If only Café Valet had added a few extra measures of pretension like marijuana snobbery, quantity of beard barbershops, hand tattoos per citizen, vintage motorcycle ownership rates, and most importantly, the degree to which the city is affected by Smart Car tipping sprees to their metrics, we'd be #1 right now. God damn it, we'd be kings. 

Naturally, San Francisco topped the list at the #1 most pretentious city in all the land. San Jose and San Diego claimed the silver and bronze, proving once and for all that there's nothing more highfalutin than a city with a "San" prefix whose historically Spanish or Latino population was run out by the white man. 

"As the standard-bearers for the 'Regular Joe,' we fear for San Francisco's future. The notion that people are paying $100 for civet coffee to drink while wearing a woolen cap in the summertime is a problematic trend," said Andrew Barnett, who led the analysis for Café Valet, in a statement.
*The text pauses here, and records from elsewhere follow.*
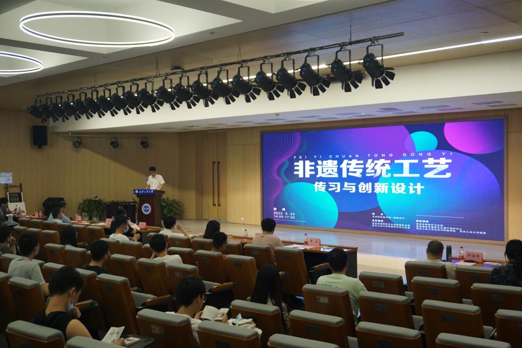 5月24日下午,“非遗进工大校园”系列研究生特色活动——非遗传统工艺传习与创新设计论坛在未央校区图书馆报告厅举行。碑林区文化馆馆长、碑林区非遗保护中心主任王敏、碑林区非遗保护中心副主任党雪梅、永利集团团委书记王守民、永利集团研究生院副院长高武奇、西安工大艺术传媒学院党委书记周著出席此次论坛。
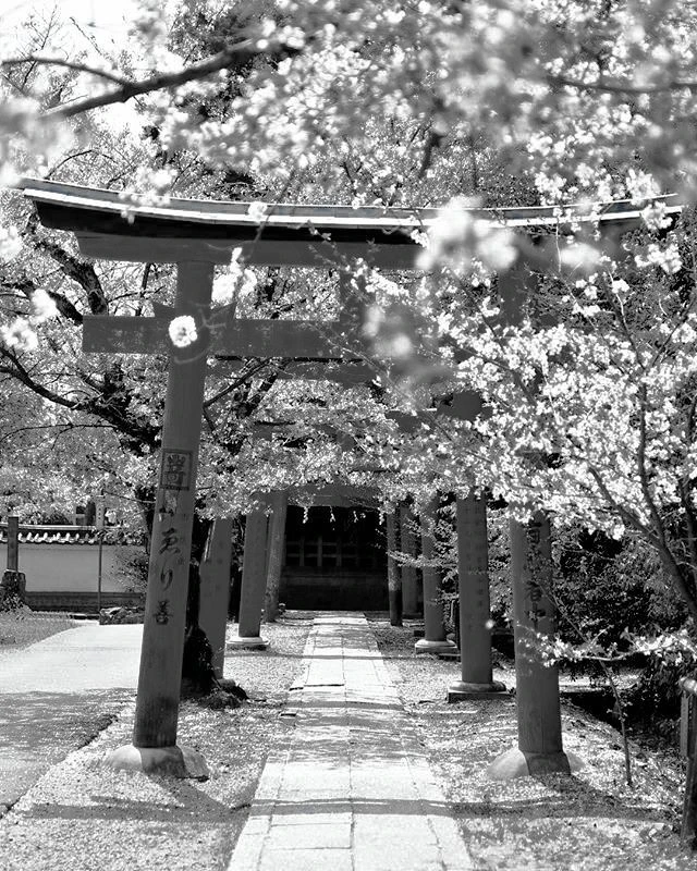 페인트칠은 이미 오래전에 벗겨진 신사 문. 그 앞으로 피어있는 벚꽃이 만개했다.
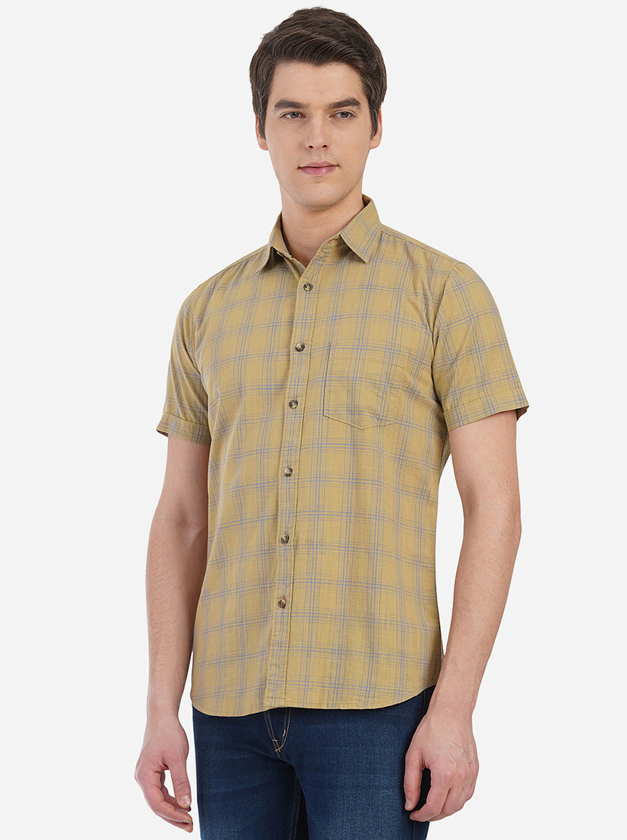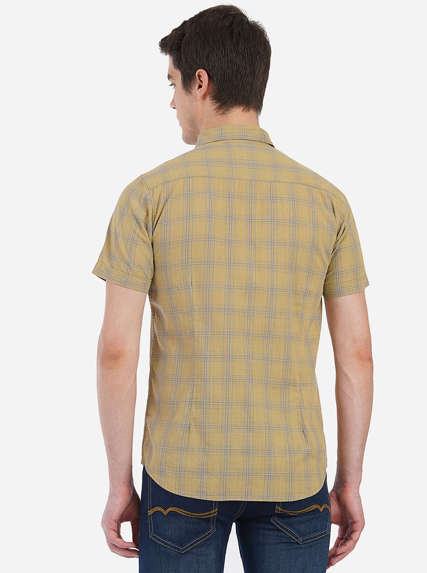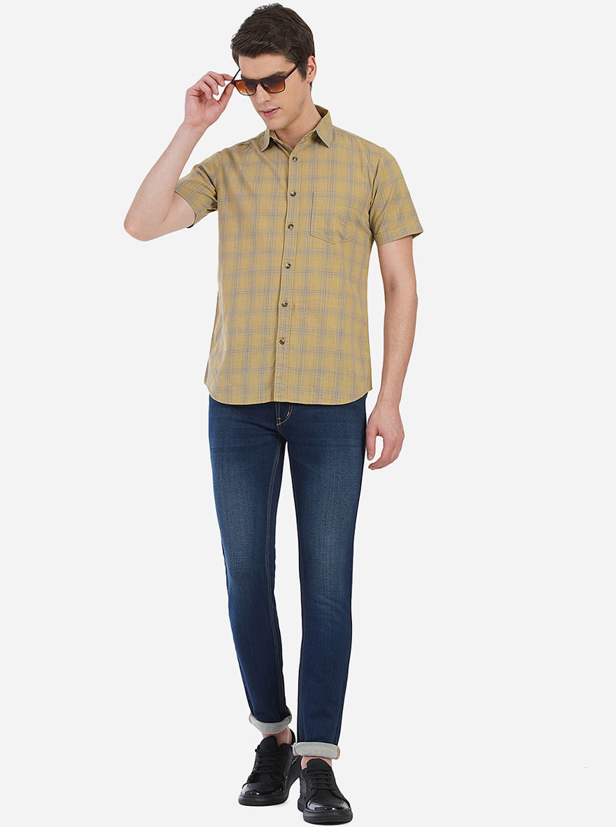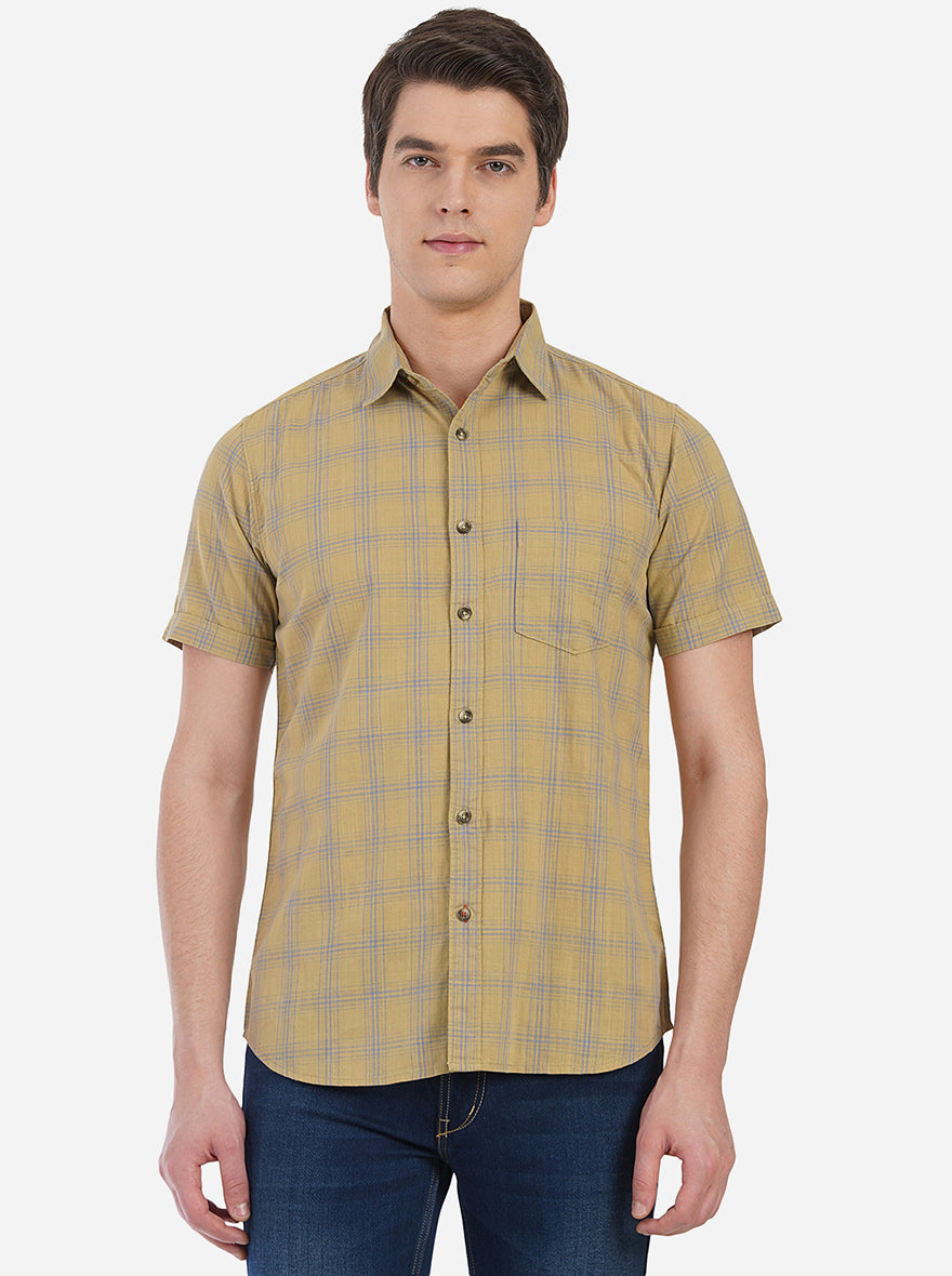 Details: Achieve the best casual style when you dress up in this checked tapenade brown semi casual shirt by JadeBlue. This slim fit shirt is made to perfection from breathable cotton fabric, which absorbs sweat and keeps you dry all day long. This shirt features front buttons placket, shirt collar, half sleeves, chest pocket and curved hem, which lends it a functional touch. Pair it with black jeans, shades, watch and sneakers to look and feel comfortable, wherever you go. Shop for this wardrobe essential now!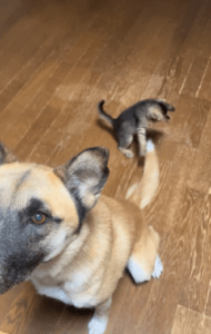 愛犬のしっぽを見つめる子猫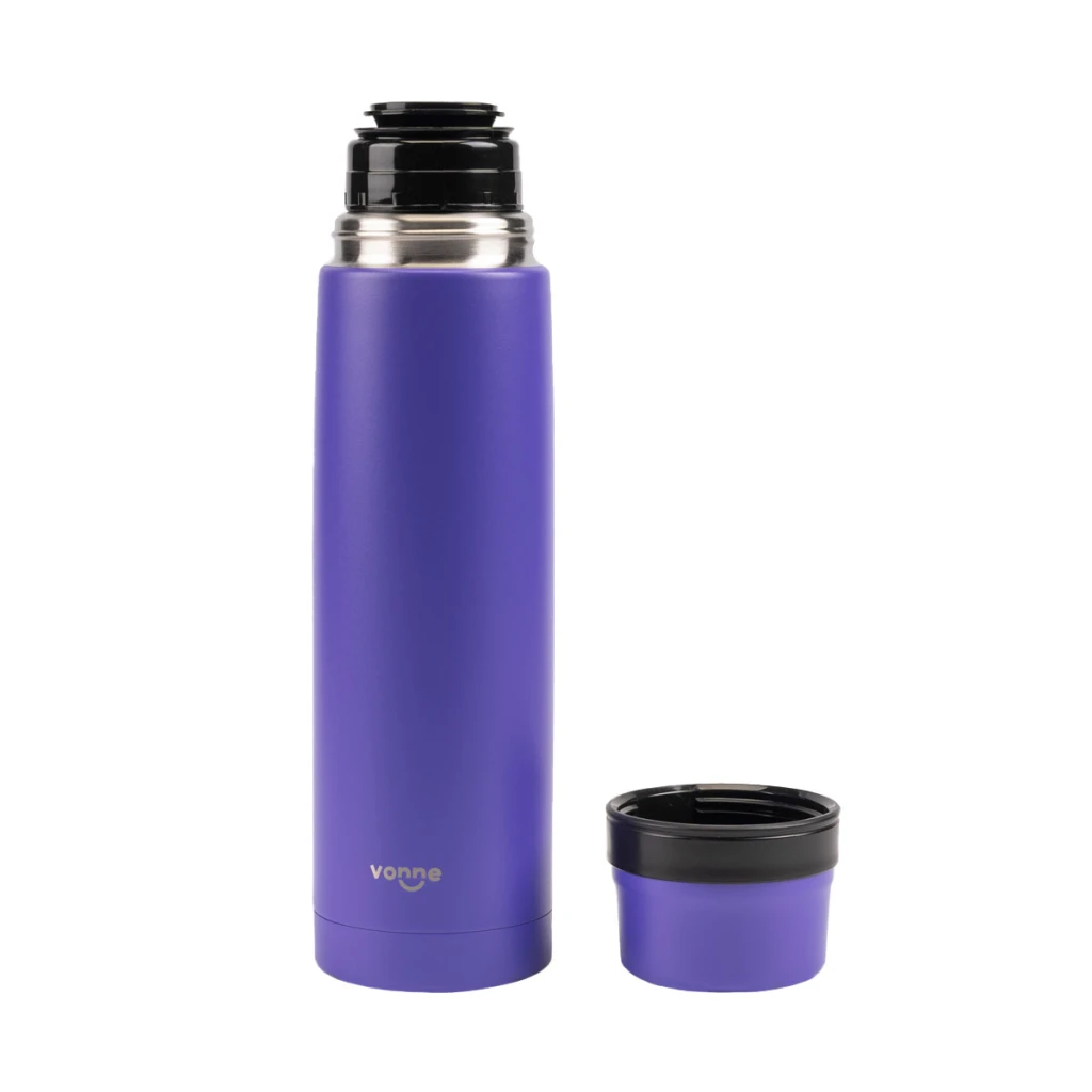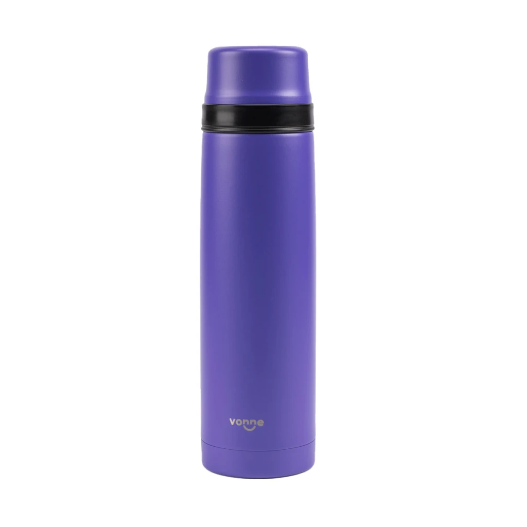 Termo Vonne violeta de 1000 ml. Fabricado con doble pared de acero inoxidable 304 de alta calidad. Su diseño duradero cuenta con un espesor interno de 0,4 mm y externo de 0,5 mm, lo que garantiza un excelente aislamiento y resistencia.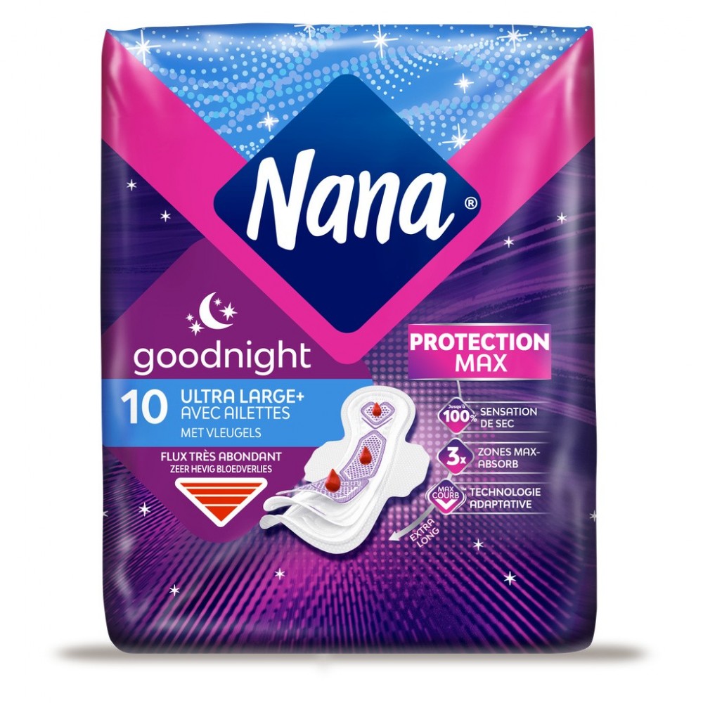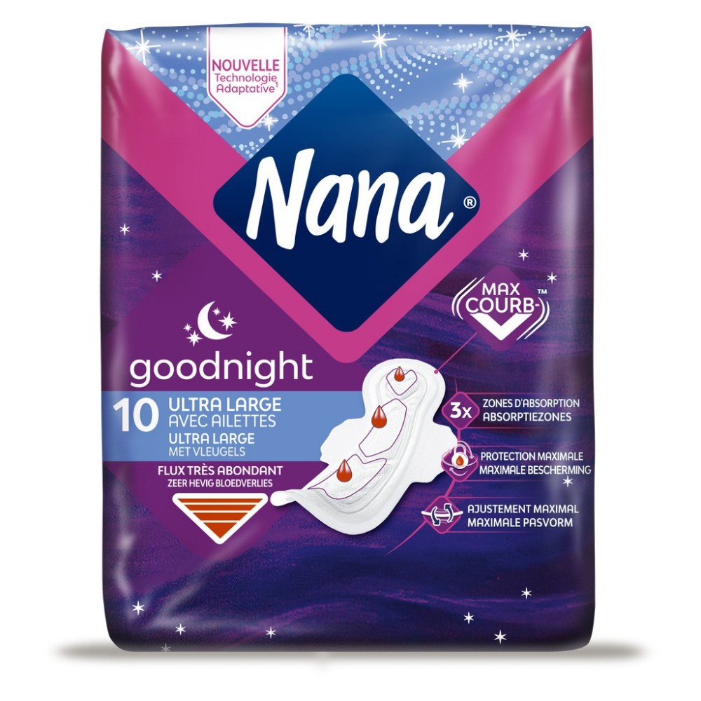 Profitez d’une Protection Maximale et dormez sereinement dans toutes les positions grâce aux serviettes Nana Goodnight Ultra Large. Ses 3 zones Max-Absorb capturent et retiennent rapidement le sang dans son coeur absorbant, spécialement conçu pour les règles abondantes. Profitez jusqu’à 100% de sensation au sec*. Et découvrez un ajustement sans pareil avec la technologie adaptative Courb-V™ , dotée d’un coeur courbé unique qui épouse toutes les formes. _x000D_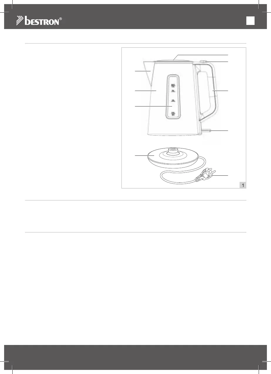 4. Disponga il rossore della caldaia sulla base (8). Inserire la spina (9) nella presa. Premere l’interruttore

On the opposite end of the spectrum, Birmingham, Alabama, was America's least-pretentious city, followed by Riverside, California and Detroit. Great, now we know where to go if we want a nice, humble American powdered coffee, seasonally appropriate clothing with many pockets, and a sedentary lifestyle that guarantees the only yoga we do will be corpse pose when we die of diabeetus.